Fig. 1: The biased distribution of ischaemic stroke.
figure 1

a A representative brain lesion (left) together with its estimated disconnections (right). b The stroke lesion distribution (top row) compared with the synthetic lesion distribution (bottom row). c The two-dimension space visualisation of stroke (red) and synthetic lesion (blue) distribution. d The two-dimension space visualisation of stroke (red) and synthetic disconnectome (blue) distribution. See also Supplementary Fig. 1 for the exploration of a wide range of t-SNE parameters as well as uniform manifold approximation and projection for dimension reduction—UMAP53. Replication of the disconnection estimates in a lower resolution age matched sample of ten participants indicated a good reproducibility (r = 0.866 ± 0.066).

In the past 20 years, following Meynert’s original insight14 our understanding of the functioning of the brain has evolved from a fractionated entity to an interconnected unity15,16. Brain zones considered critical to function have slowly altered over time, from those visibly damaged17,18 to more distant, long-range zones that were disconnected19,20,21. Recent data even indicate that white matter disconnection might be a better predictor of brain dysfunction and recovery than the location of the lesion itself22,23,24. While our understanding of the anatomo-functional division of the brain surface is quite advanced25,26, the relationship between brain disconnection and dysfunction remains limited and, accordingly, little is known about the functional division of white matter connections in the human brain16.

Neuroimaging, particularly diffusion-weighted imaging (DWI) tractography, now enables the estimation of white matter disconnection after a brain lesion (i.e. disconnectome, Fig. 1a, ref. 27). Joint models of lesions and their estimated disconnections both cohere with task-related activations from functional imaging and better explain clinical profiles19,27,28,29. However, whether the relationship between brain lesion and functional imaging findings is driven by biased clinical observation or the non-stochastic organisation of white matter connections in the human brain is unknown.

Based on the largest stroke collection (n = 1333)30, combined with the most comprehensive database of neuroimaging meta-analysis26 and the best white matter mapping derived from the Human Connectome Project 7T31,32 we reveal the human disconnectome and demonstrate its relationship to the functional segregation of the human brain. Results indicate that functional territories are not only defined by white matter connections, but also by the highly stereotyped spatial distribution of brain disconnections.
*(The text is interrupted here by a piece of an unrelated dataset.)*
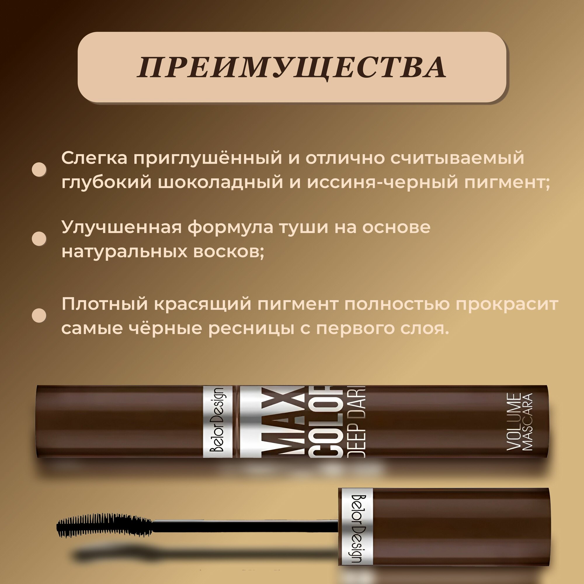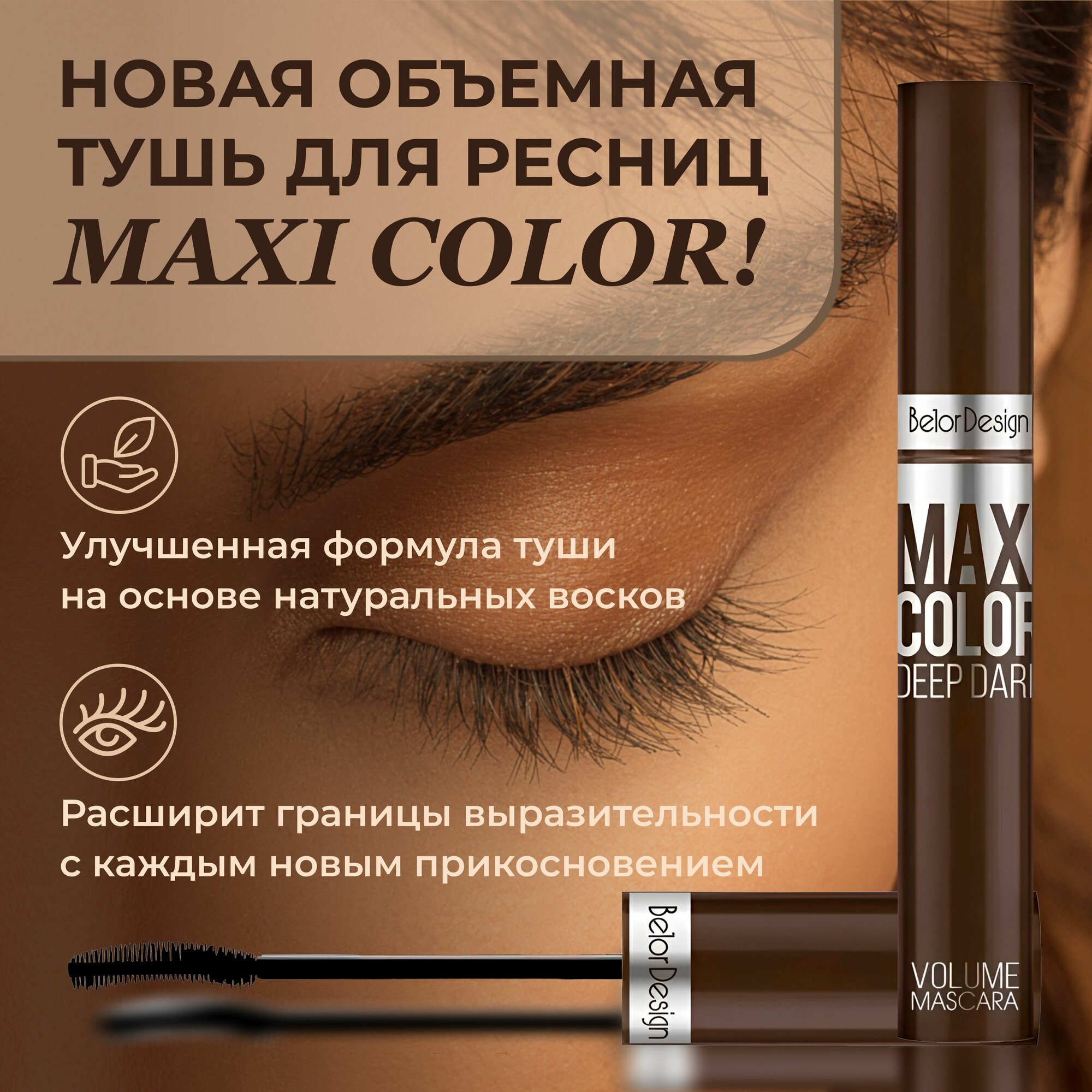 Тушь для ресниц BELOR DESIGN Maxi Color объемная, шоколадная

While the former has granted us the possibility to map 590 functions on the white matter of the whole brain, the latter compels a revision of the taxonomy of brain functions.

Results

The biased distribution of ischaemic stroke

Taking advantage of an extensive set of 1333 real stroke lesions paired with a synthetic set of randomly distributed artificial lesions of the same size and lateralisation (Fig. 1b) we used a high-dimensional data non-linear embedding method (i.e. t-distributed stochastic neighbour embedding, (t-SNE)33) to visualise the redundancy existing within the distribution of brain lesions (Fig. 1c) and their subsequent estimated disconnections (Fig. 1d). Lesions were placed in healthy connectomes to estimate disconnections19,27,34,35,36,37. The result indicates, as previously shown13 that brain lesions show some redundancy and cluster together more than synthetic lesions (Fig. 1c). Noteworthy, strokes also seem to have a concentric distribution with a progressively increasing probability of damage from the surface of the brain to the deep white matter (a similar distribution can be found in refs. 13,23,38). Importantly, disconnections in strokes (i.e. stroke disconnectome) demonstrated a higher level of clustering in comparison to the disconnection that was derived from paired synthetic lesions (i.e. synthetic disconnectome; Fig. 1d).

Redundancy in these datasets suggests that we should be able to summarise the pattern of brain areas disconnected by strokes into principal components.

In order to do so, the pattern of brain areas that were disconnected in each stroke was first characterised by measuring the average level of disconnection in subcortical areas16 as well as in areas derived from a multimodal atlas of the brain surface25. Using a varimax-rotated principal component analysis (PCA) we modelled the main profiles of brain disconnections and revealed that 30 components, out of 46 in total, explained more than 90% of the variance of the regions disconnected by a stroke (Fig. 2a). All components were relatively independent from the lesion size (all R2 < 0.1; see Supplementary Data 1 for a full list of the 46 components pattern of disconnection). In comparison, PCA of the direct lesion and the disconnection derived from the synthetic dataset only explained 70 and 80% of the variance with 30 components (Fig. 2a).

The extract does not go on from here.